“Should we get a celebrity to promote our program?”
That was the first serious suggestion in a branding meeting I attended recently. Not “Why are customers drifting away?” Not “Has our audience changed?” Not even “What exactly are we trying to fix?” We didn’t know the problem and what are we trying to achieve but the room knew which celebrity will fit in? Why? Because competition did something similar, they had this celebrity so we need someone coming with the similar personality. It struck me because it wasn’t the problem of the room, it was the problem of our industry.
Kuch nahi ho raha? Let’s launch a campaign. Commission a film. Increase digital spends. Find influencers. Buy more visibility. Campaigns have almost become corporate comfort food. They make everyone feel something is being done.
The irony is that campaigns are not an issue, people strategizing those briefs and campaign are because halfway through that meeting, I interrupted the discussion and asked a question that wasn’t part of the presentation. “Who is the TG?” The answers arrived without hesitation. CXOs. Entrepreneurs. HNIs. Global travellers. Then I asked something that received a very different response. “When was the last time anyone in this room actually spent time understanding how these people make decisions?” Not through a market research report. Not through audience data. I mean sitting with them, listening to what they read, who they trust, what occupies their mornings and what finally convinces them to spend money.
Nobody answered. That silence wasn’t uncomfortable because people lacked experience. It was because hum hai toh 2026 mein but baatein 2016 ki hai!
That’s a mistake our industry makes more often than we’d like to admit. Marketing evolves quickly. Consumers evolve even faster. Yet our understanding of them often stays frozen.

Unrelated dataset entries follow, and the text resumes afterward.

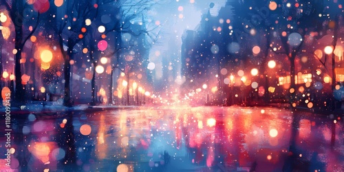 Blurred glowing bokeh lights shimmering faintly in a snowy urban background, evoking tranquil and magical winter vibes, style book illustration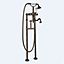 Напольный смеситель для ванны с поворотным изливом и ручным душем, с кронштейном для слива-перелива Cezares MARGOT-VDPS2-02-Bi Бронза ручки Белая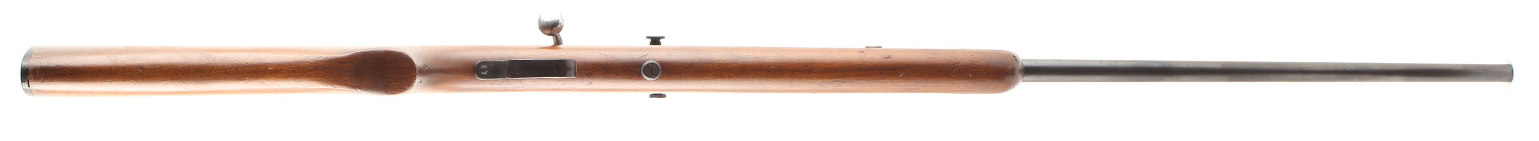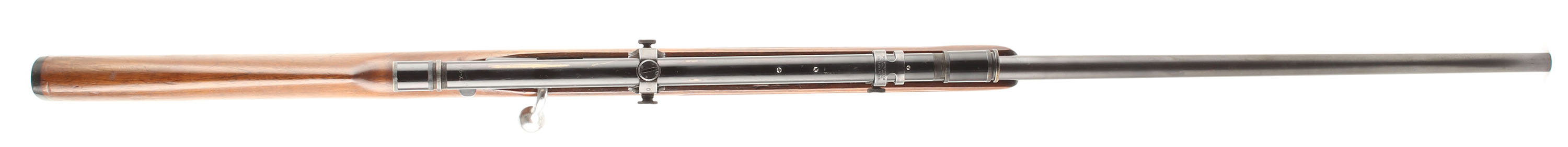 VERY RARE Winchester, Model 677 (Scoped Rifle), .22 S. L. LR. Cal., MFG. 1937-39, SN: None, Bolt Action Rifle, 27'' Tapered barrel. Although the barrel is marked ''67'' it is a rare model 677 rifle, with no factory provisions for open sights. Winchester sold the British Government scoped Models 67, 677, 69 & 697 rifles, to be used as military training rifles. The Model 677 & 697 rifles were in .22 S.L.or LR. Or WRF Cal., with scopes & no provisions for open sights. The Model 67 & 69 stamped rifles were in .22 S.L.LR. Cal. & fitted with the same scopes, but also with open sights. This is one of the rare Model 677 British Government rifles, without open sight provisions & British proofs. Next to the British proofs is the ''NOTBRITISHMAKE'' stamping. It also exhibits the ''N'' stamping on the barrel & Broad Arrow marking on the top of barrel & on the right side of the stock. The original pistol grip & early rare finger grooved forend wood stock is excellent & solid. It displays the majority of the original finish, with minor to small scratches, scuffs & contusions. The metal blue finish on the barrel & receiver is retained at 95% coverage. Finish on trigger guard rates 85% with edge wear toning to a brown patina. Bore is excellent & bright. Rifle is factory fitted with a Winchester scope on Winchester scope rings & blocks. The scope does have minor finish scratches on the tube. Again, the barrel has no sight provisions, which is factory for this model 677. Nickel bolt handle & trigger. The ''Winchester'' marked buttplate is also excellent. Only 2,240 produced. A very rare rifle with collectible optics. Highly sought after & collectible! FFL or C&R Req. - Value: 2000 to 4500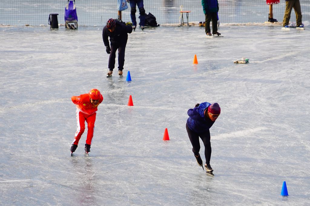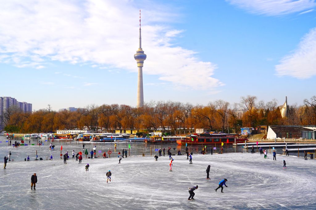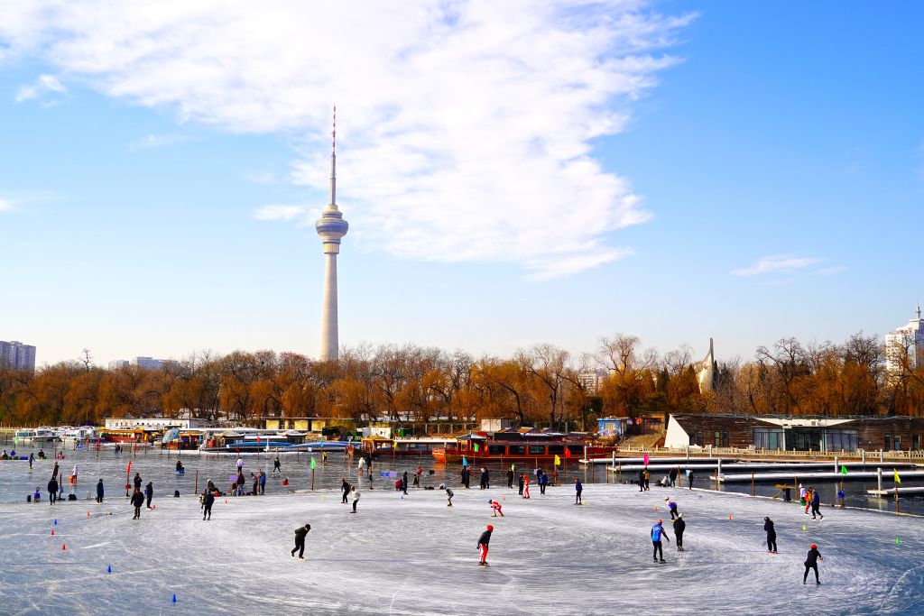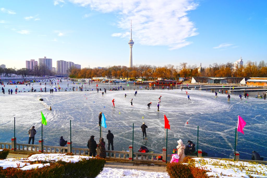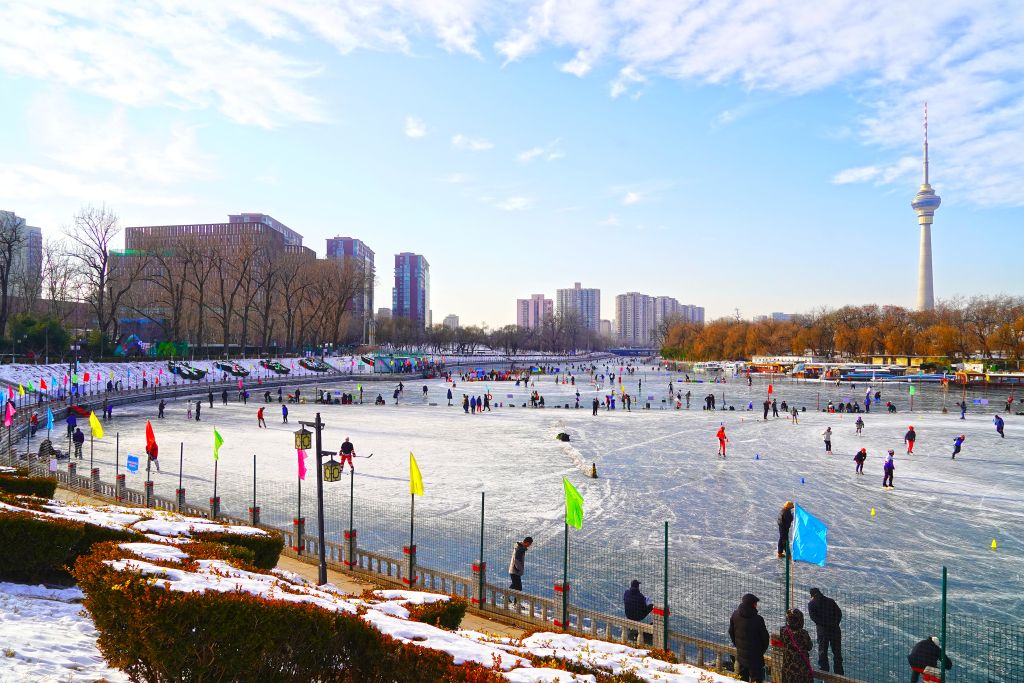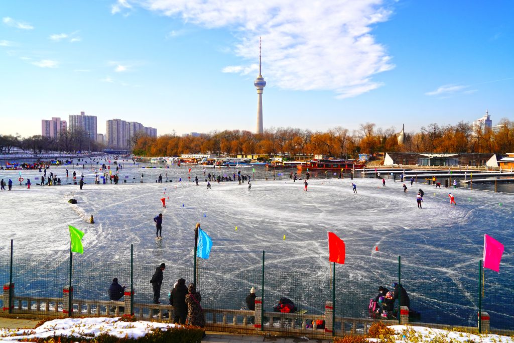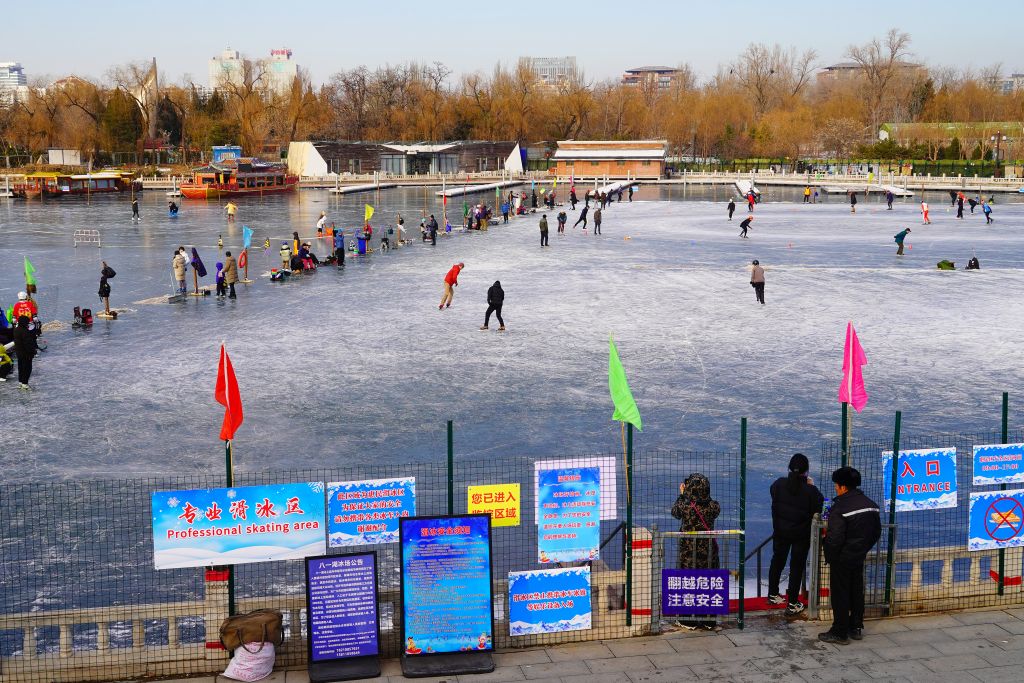 北京:市民八一湖冰场体验冰上运动魅力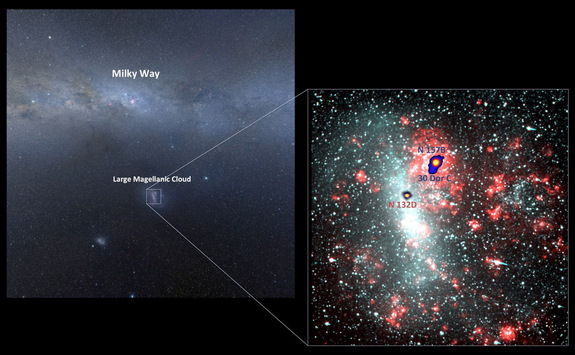 В ходе исследования ученые задействовали систему телескопов HESS. Она состоит из четырех 13-тиметровых телескопов, расположенных в Намибии, Африка. С их помощью ученые сканировали крупнейшие области формирования звезд в пределах БМО. Исследование продолжалось 210 часов, после чего было зафиксировано слабое голубоватое свечение. Каждый фотон исходил от одного их трех упомянутых выше объектов в БМО.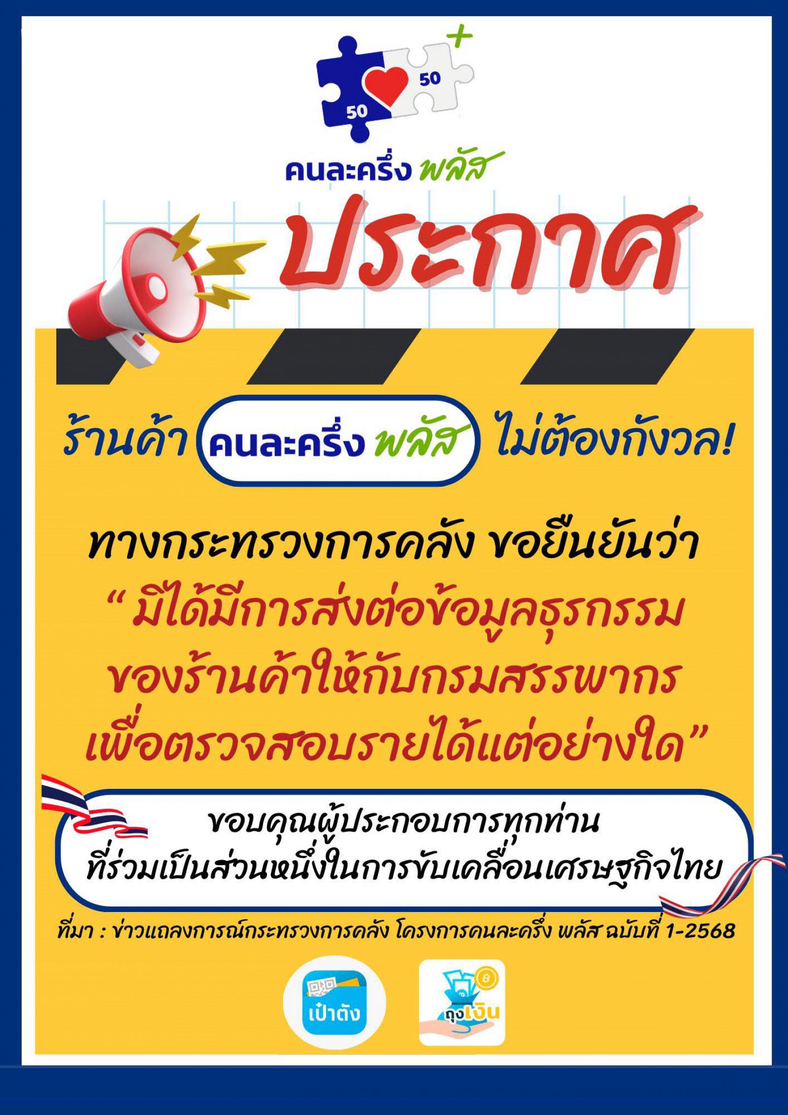 ด้วยจังหวัดระยองแจ้งว่า กระทรวงมหาดไทยขอให้องค์กรปกครองส่วนท้องถิ่น ดำเนินการประชาสัมพันธ์และทำความเข้าใจกับร้านค้าที่เข้าร่วมโครงการคนละครึ่ง พลัส ว่าสำหรับร้านค้าที่เข้าร่วมโครงการฯ กระทรวงการคลัง โดยสำนักงานเศรษฐกิจการคลัง มิได้มีการส่งต่อข้อมูลธุรกรรมให้กับกรมสรรพากรเพื่อตรวจสอบรายได้แต่อย่างใด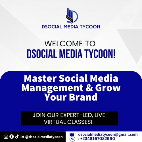 DSocial Media Tycoon is an innovative Ed-tech startup based in Lagos, Nigeria. We provide comprehensive training in social media management for aspiring social media managers, business owners, and content creators.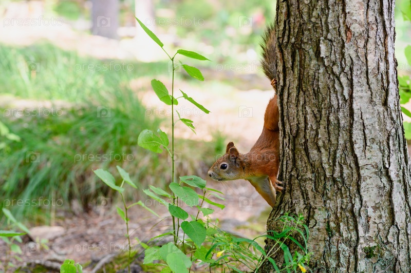 Белка в лесу, белка спускается с дерева, дикая природа и животные

Take luxury. For years, luxury communication in India followed a familiar script. Beautiful imagery. Invitation-only events. International aesthetics. Premium magazines. There was nothing wrong with that. It reflected the market of its time. But today’s affluent consumer isn’t as predictable. The promoter sitting in Kolkata or Gujarat may spend more time reading financial newspaper than a luxury publication. An investment banker may get a vacation idea or destination ideas through podcasts of the person he follows than glossy magazines. A second-generation entrepreneur often follows founders, investors and technology leaders on LinkedIn before paying attention to lifestyle influencers. None of this makes traditional luxury media irrelevant. It simply means influence has become far more dispersed than our media plans sometimes acknowledge.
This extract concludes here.